The concept of reality (in the sense of independence from the cognizing
consciousness) does not belong within (rational) science, but within
metaphysics. This is now to be demonstrated. For this purpose, we
investigate whether this concept can be constructed, i.e., whether it can
be expressed through objects of the most important types which we have
already considered, namely, the autopsychological, the physical, the
heteropsychological, and the cultural. At first sight, it might appear as
though this were possible. An object which I have recognized, that is, an
object which has been constructed on the basis of my experience, will have
to be called "independent of my consciousness" if its constitution does not
depend upon my will, i.e., if an act of volition which aims at a change of
the object does not result in such a change. But this does not agree with
the concept of reality as it is meant by realism and idealism (the former
ascribing it to, and the latter denying it of, physical bodies). For,
according to the definition which we have just attempted, a physical body
which I hold in my hand should not be called real, since (even in the
opinion of the realists) it changes if I carry out an appropriate act of
will; this would then be contradictory to the realistic position. On the
other hand, this definition requires that any physical thing which lies
outside of our technological reach, for example, a crater in the moon,
should be acknowledged as real, since (even in the opinion of idealism) it
does not change if I carry out an appropriate act of will; this then would
be contradictory to the position of idealism.

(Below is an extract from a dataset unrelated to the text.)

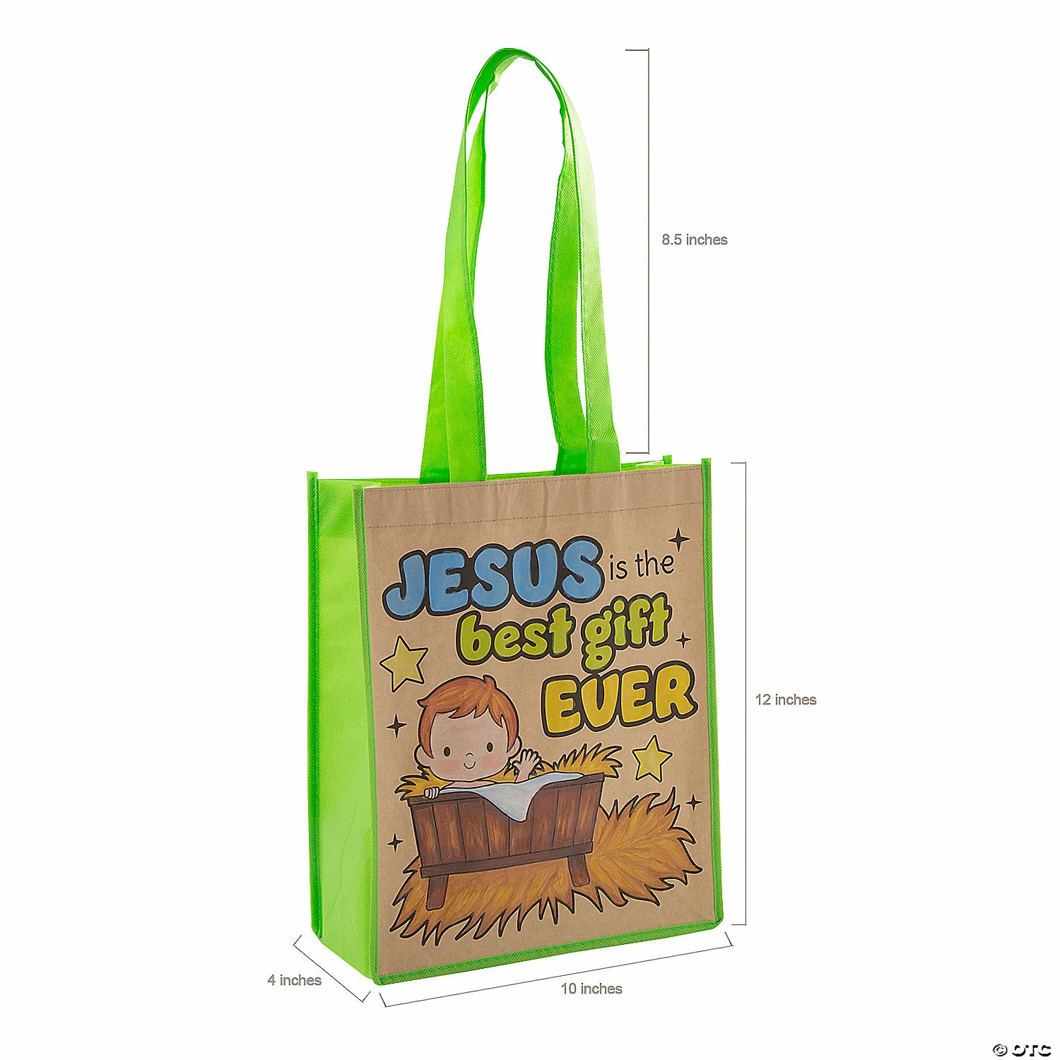 β’ Durable Quality: Made of sturdy nonwoven material, this sturdy tote bag wonβt let you or your accessories down. Plus, you can easily store the reusable bag away until you need it again.β’ Fun Crafts: With some imagination, this tote bag could be your next creative project. Perfect as a Sunday School craft, this tote bag just needs your personal touch to come to colorful life! β’ Eco-friendly: Save a tree and go green with this eco-friendly tote bag that is perfect for carrying books, folders and small art supplies. Mother Earth is sure to appreciate the gesture, so go ahead and gift this tote bag to your friends and family while youβre at it! Product Description: Tis the season to be coloring! Celebrate faith and Christmas with these handy tote bags featuring cute Nativity art that is just waiting to be decorated by kids at Sunday School, home or a church holiday party. Each bag has plenty of room inside to carry everyday essentials or presents while gift shopping. Β© OTC Size: 12″ x 10″ with 8 1/2″ handles.Quantity: 12Material: Nonwoven polypropylene.

One could try in various other ways to give a definition of reality (in the
sense of independence of my consciousness) in such a way that the concept
becomes constructible. However, one can show in each such case that the
concept which is so defined does not agree with the concept as it is meant
by realism as well as by idealism. It must be noted that this holds, not
only of a constructional system which has the system form represented in
our outline, but for any experiential constructional system, even for a
system which does not proceed from an autopsychological basis, but from the
experiences of all subjects or from the physical. The (second) concept of
reality cannot be constructed in an experiential constructional system;
this characterizes it as a nonrational, metaphysical concept.
...
The definition of the concept of a thing-in-itself goes back to the concept
of reality (in the sense of independence from the cognizing
subject). Thus, in our conception, this concept, too, must be placed
within metaphysics, for metaphysics is the extrascientific domain of
theoretical form."
It appears, then, that Carnap would not, and probably did not, think much
of our notion ontological independence. It's not mentioned to be sure, but
he does say that he couldn't think of anything constructible that would
serve as an adequate definition of reality distinct from empirical
reality. The question for us is whether "ontological dependence", as we
have defined it, is constructible in Carnap's system. I can think of no
reason why it wouldn't be. He has a way of expressing the existence of
physical objects and of other minds (the "heteropsychological"). All that
remains is a touch of de dicto counterfactual syntax and presto,
"ontological dependence" is constructible. And if it is, then according to
section 176, it isn't really what realist and idealist metaphysicians are
talking about or Carnap was a metaphysician after all. Either way, the
result is that Carnap slips within the all-encopassing fold of "modified
realism" and your thesis contracts to a portrait of the remaining and
unique anti-modified-realist, Protagoras.